# Question about CAF LTD



## Mediman14 (31 Dec 2020)

Hello,
 It's been awhile since I been on this site, nice to see some new changes..!

What does SISIP/ Manulife consider as a disability in order to receive payments for the rest of your life?? I have not asked my Case Manager yet but I am seeing a lot ex military being turned down for some severe injuries.

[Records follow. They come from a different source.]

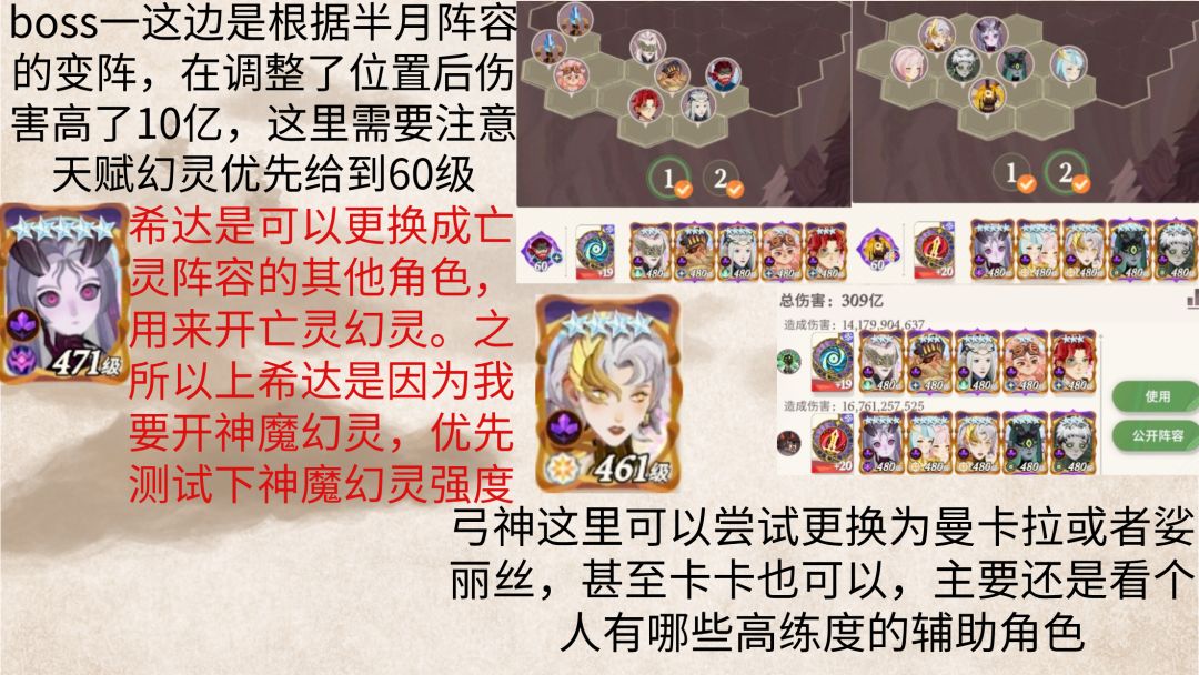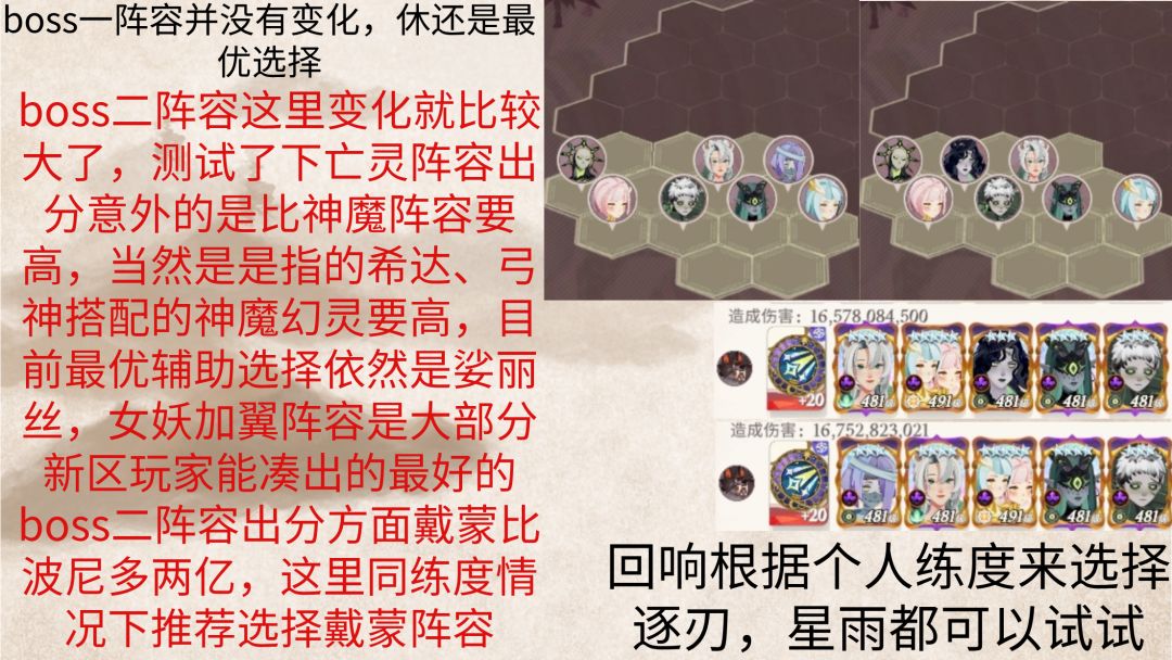 boss一阵容首选出分是休,二阶段首选反而是亡灵队了,由于二阶段所需要的神魔新区大部分人没有所以这里不做推荐
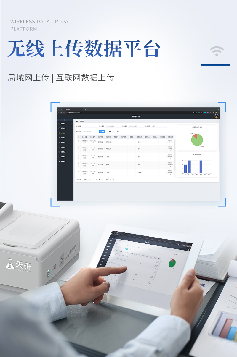 | 儀器采用手提式一體化系統(tǒng)檢測(cè)技術(shù),將分光光度模塊、新型農(nóng)殘檢測(cè)模塊、數(shù)字化管理模塊、無(wú)線通訊模塊高度集成于一體,支持檢測(cè)200種食品安全檢測(cè)項(xiàng)目,同時(shí)預(yù)留升級(jí)檢測(cè)方法。 | 儀器檢測(cè)模塊標(biāo)準(zhǔn)化、智能化,檢測(cè)項(xiàng)目可隨意自由組合。檢測(cè)箱體內(nèi)置多個(gè)標(biāo)準(zhǔn)檢測(cè)單元,檢測(cè)模塊可以調(diào)整配置。 | 顯示屏幕:儀器采用10.1英寸豎向液晶觸摸屏顯,搭配運(yùn)行安卓智能操作系統(tǒng),主控芯片采用ARM Cortex-A7,RK3288/4核處理器,主頻1.88Ghz,操作方便,性能更強(qiáng)。 | 檢測(cè)通道:≥12通道;采用精密旋轉(zhuǎn)比色池設(shè)計(jì),使用同芯片同光源校準(zhǔn)精度,解決不同光源之間的誤差值,更加準(zhǔn)確**。(1-12通道間誤差0.1%,**號(hào):ZL202022821055.2) | 儀器光源:高精度進(jìn)口四波長(zhǎng)冷光源,每個(gè)通道均配置 410、520、590、630nm 波長(zhǎng)光源,標(biāo)配**的光路切換裝置,**光路切換功能可實(shí)現(xiàn)64波長(zhǎng),并且所有檢測(cè)項(xiàng)目可實(shí)現(xiàn)所有通道同時(shí)檢測(cè)。 | 設(shè)備可一鍵校準(zhǔn),自動(dòng)保存校準(zhǔn)數(shù)據(jù),自動(dòng)對(duì)比校驗(yàn),得到精準(zhǔn)光源,采用Android SP存儲(chǔ)數(shù)據(jù),光源數(shù)據(jù)永不丟失,方便每一次使用。 | 通訊接口:配備無(wú)線通信模塊、4G(APN)通訊模塊、藍(lán)牙傳輸,同時(shí)具有雙USB接口以及RJ45網(wǎng)線接口,可以多方式實(shí)現(xiàn)數(shù)據(jù)保存及數(shù)據(jù)傳輸 | 存儲(chǔ)方式:支持U盤存儲(chǔ),標(biāo)準(zhǔn)USB接口,免驅(qū)動(dòng)安裝。檢測(cè)結(jié)果存儲(chǔ)容量20萬(wàn)條以上,可生成Excel表格進(jìn)行拷貝,并具有登錄保護(hù)功能。 | 智能化操作系統(tǒng): | 1)操作系統(tǒng):儀器可在同一檢測(cè)界面自動(dòng)對(duì)應(yīng)相關(guān)檢測(cè)通道,一次性選擇1-12個(gè)樣品名稱,無(wú)需退出界面,節(jié)省操作時(shí)間。并可以對(duì)每個(gè)通道屬性和樣品信息單獨(dú)進(jìn)行編輯,例如送檢單位、人員,檢測(cè)人員等,打印時(shí)勾選打印顯示。 | 2)數(shù)據(jù)集成系統(tǒng):設(shè)備首頁(yè)自動(dòng)匯總分析檢測(cè)數(shù)據(jù),包含:周檢測(cè)數(shù)據(jù)、月檢測(cè)數(shù)據(jù),全部檢測(cè)總數(shù)量,均包含檢測(cè)總數(shù),合格數(shù),不合格數(shù),以及相關(guān)柱形分析圖,各項(xiàng)檢測(cè)數(shù)據(jù)一目了然,無(wú)需電腦查詢,更加快捷直觀。 | 3)數(shù)據(jù)庫(kù)系統(tǒng):十幾項(xiàng)數(shù)據(jù)庫(kù)分類管理儀器:包含項(xiàng)目類型、項(xiàng)目數(shù)據(jù)、檢測(cè)數(shù)據(jù)、歷史記錄、國(guó)標(biāo)信息、曲線信息、采樣信息、檢測(cè)信息、受檢信息、復(fù)核信息、圖表信息、光源校準(zhǔn)信息、打印樣式信息、樣品庫(kù)信息等等,數(shù)據(jù)庫(kù)之間互相協(xié)調(diào)聯(lián)動(dòng)保證數(shù)據(jù)的真實(shí)完整性。同時(shí)產(chǎn)品數(shù)據(jù)庫(kù)以及歷史檢測(cè)記錄支持一鍵檢索功能。 | 4)限量規(guī)判系統(tǒng):具有限量查詢、添加物質(zhì)合規(guī)判定系統(tǒng)。檢測(cè)出結(jié)果后,系統(tǒng)自動(dòng)調(diào)用系統(tǒng)數(shù)據(jù)庫(kù)中相關(guān)國(guó)標(biāo)進(jìn)行比對(duì)判定,客觀顯示判定結(jié)果是否合格。 | 5)項(xiàng)目預(yù)設(shè)系統(tǒng):儀器具有任務(wù)預(yù)設(shè)模塊,一鍵提前預(yù)設(shè),給出方便快捷的新檢測(cè)方案,每一個(gè)任務(wù)分別可以設(shè)置不同的樣品、批次、編號(hào)、來(lái)源、備注、抽樣信息、檢測(cè)信息、受檢信息、復(fù)核信息等更多信息。樣品送檢時(shí)一鍵調(diào)取保存信息,并可多次調(diào)取,大大提高檢測(cè)效率。 | 6)數(shù)據(jù)監(jiān)管系統(tǒng):同步對(duì)接監(jiān)管平臺(tái),數(shù)據(jù)可局域網(wǎng)和互聯(lián)網(wǎng)數(shù)據(jù)上傳,檢測(cè)結(jié)果可選擇直接傳至食品安全監(jiān)管平臺(tái)。進(jìn)行區(qū)域食品安全監(jiān)管及大數(shù)據(jù)分析處理與數(shù)據(jù)統(tǒng)計(jì),檢測(cè)區(qū)域食品安全長(zhǎng)短期動(dòng)態(tài),達(dá)到食品安全問(wèn)題預(yù)估、預(yù)警。 | 7)打印系統(tǒng):內(nèi)置全新打印機(jī),新創(chuàng)自定義打印方式,可按需靈活勾選控制:產(chǎn)品合格證(國(guó)家農(nóng)業(yè)部標(biāo)準(zhǔn)要求),二維碼,抽樣信息、檢測(cè)信息,受檢信息、復(fù)核信息、抽樣日期、檢測(cè)日期等信息的打印。 | 供電模式:儀器交直流兩用,直流12V供電,可連接車載電源,可配6ah大容量充電鋰電池,電量可實(shí)時(shí)顯示,方便戶外流動(dòng)測(cè)試。 | 膠體金檢測(cè)模塊:采用雙通道CMOS成像處理技術(shù)及膠體金免疫層析技術(shù),可同時(shí)讀取雙膠體金卡數(shù)據(jù),自動(dòng)采集、處理分析,將檢測(cè)結(jié)果顯示,并可根據(jù)參考限值自動(dòng)判斷檢測(cè)結(jié)果,可檢測(cè)常見的獸藥殘留、生物毒素、抗生素、違禁添加物等。 | 1)探測(cè)技術(shù):CMOS成像探測(cè); | 2)檢測(cè)通道:1個(gè)通道; | 3)檢測(cè)方式:消線法和比色法; | 4)顯示模式:陰性或陽(yáng)性; | 5)曲
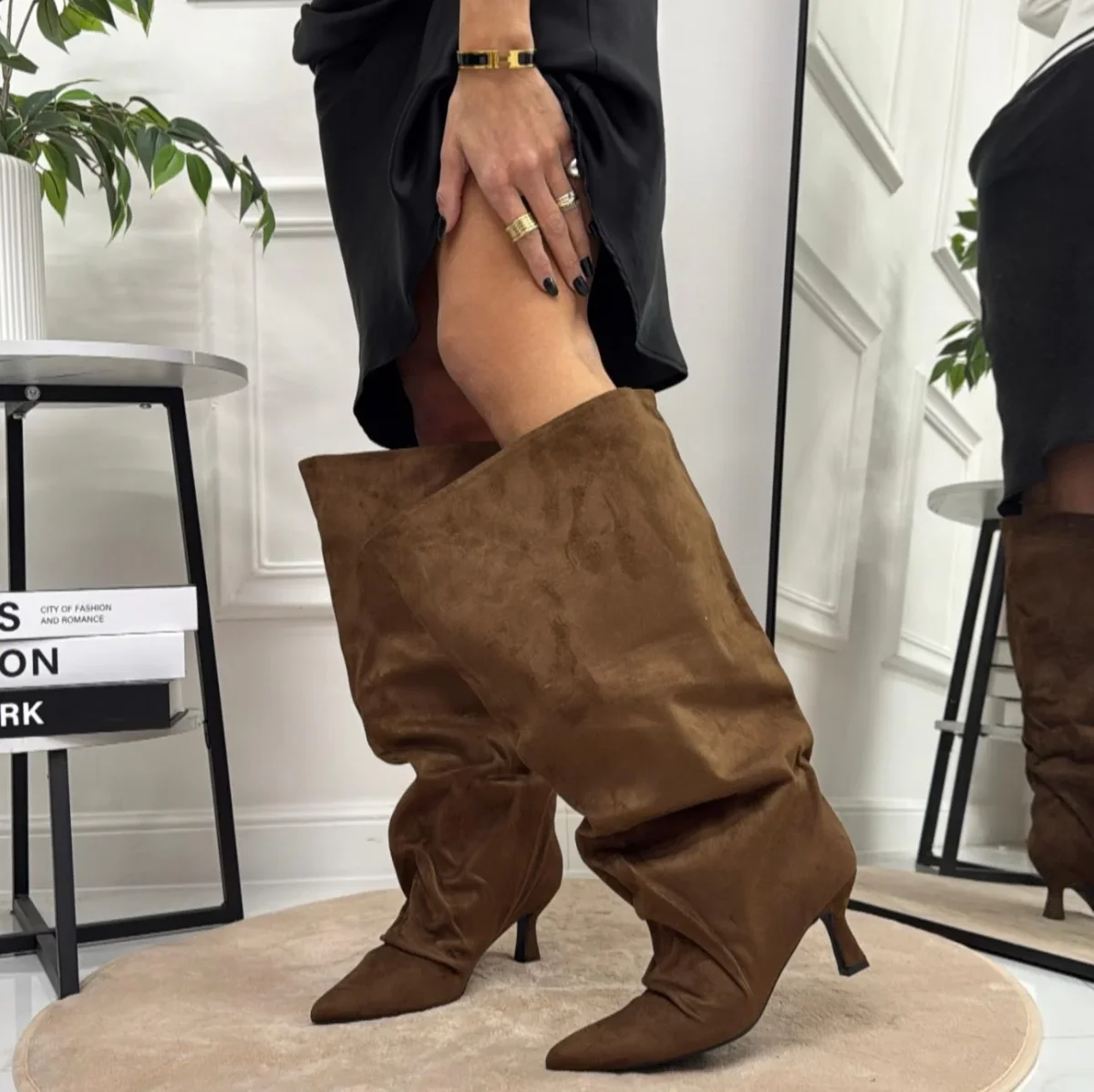 Loreley – Stivale Donna Alto Tacco Punta Casual Elegante Marrone

For myself, I have bilateral Hip Osteoarthritis with upcoming hip replacements, I also have Spinal Stenosis, Herniated disc (different location than spinal stenosis), degenerative disc, radicular foot pain with loss of sensation in left leg, MDD, Anxiety, dissociation disorder. Currently I am unable to throw a snowball without being in pain. According to Manulife policy, i am not disabled and able to have a full time job. Can't figure it out.


----------



## Teager (1 Jan 2021)

Mediman14 said:


> Hello,
> It's been awhile since I been on this site, nice to see some new changes..!
> 
> What does SISIP/ Manulife consider as a disability in order to receive payments for the rest of your life?? I have not asked my Case Manager yet but I am seeing a lot ex military being turned down for some severe injuries.
> ...


Do you have any education outside of the CAF? I know that SISIP takes into consideration your education level with your disabilities. If you don't have any education beyond high school then it's more difficult for them to say you can work especially if your disabilities are stopping you from furthering your education to get a decent job.


----------



## Mediman14 (3 Jan 2021)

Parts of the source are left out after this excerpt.